**WHAT THE TASK REQUIRES:** Only the lines from the one containing "갤럭시S10 5G 구성품은" through the last line below belong in your copy; transcribe them exactly and omit any pictures.

**GIVEN DATA:**
__________________________________________________

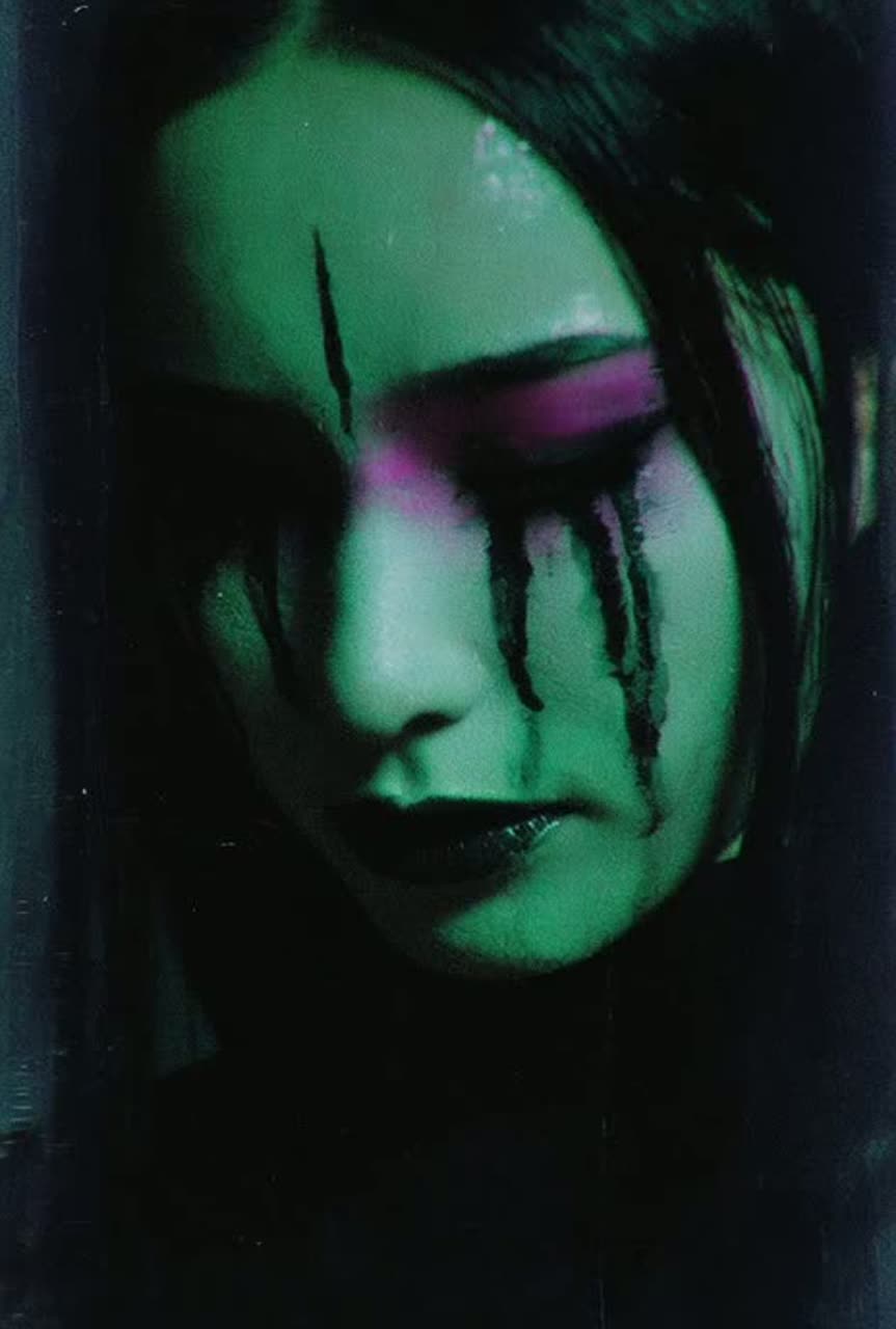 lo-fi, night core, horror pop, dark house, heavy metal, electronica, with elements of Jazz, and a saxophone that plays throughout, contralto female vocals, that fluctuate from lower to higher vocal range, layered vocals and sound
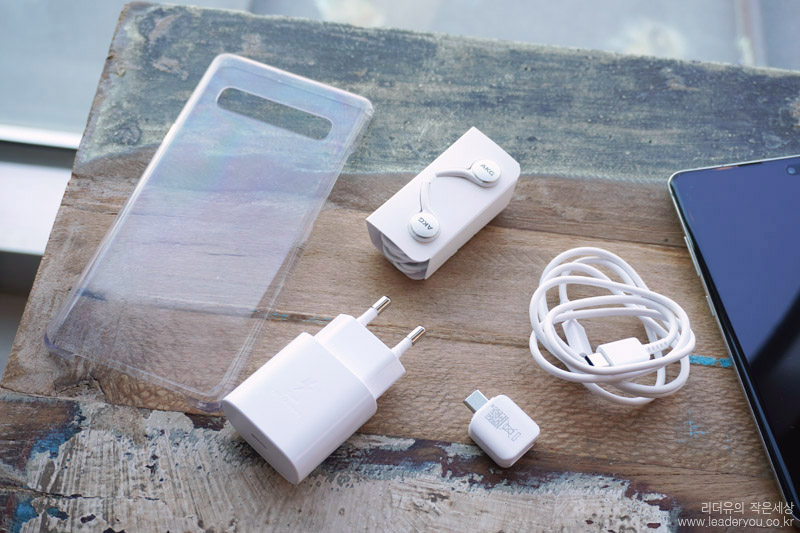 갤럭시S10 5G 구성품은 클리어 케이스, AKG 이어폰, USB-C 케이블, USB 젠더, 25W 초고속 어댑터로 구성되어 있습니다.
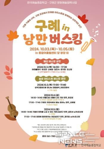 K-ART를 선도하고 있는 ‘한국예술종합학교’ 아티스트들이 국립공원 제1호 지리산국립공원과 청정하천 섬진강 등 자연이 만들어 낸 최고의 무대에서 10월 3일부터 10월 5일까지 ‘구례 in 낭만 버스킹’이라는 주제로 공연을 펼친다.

__________________________________________________

**OUTPUT BELOW:**
 갤럭시S10 5G 구성품은 클리어 케이스, AKG 이어폰, USB-C 케이블, USB 젠더, 25W 초고속 어댑터로 구성되어 있습니다.
 K-ART를 선도하고 있는 ‘한국예술종합학교’ 아티스트들이 국립공원 제1호 지리산국립공원과 청정하천 섬진강 등 자연이 만들어 낸 최고의 무대에서 10월 3일부터 10월 5일까지 ‘구례 in 낭만 버스킹’이라는 주제로 공연을 펼친다.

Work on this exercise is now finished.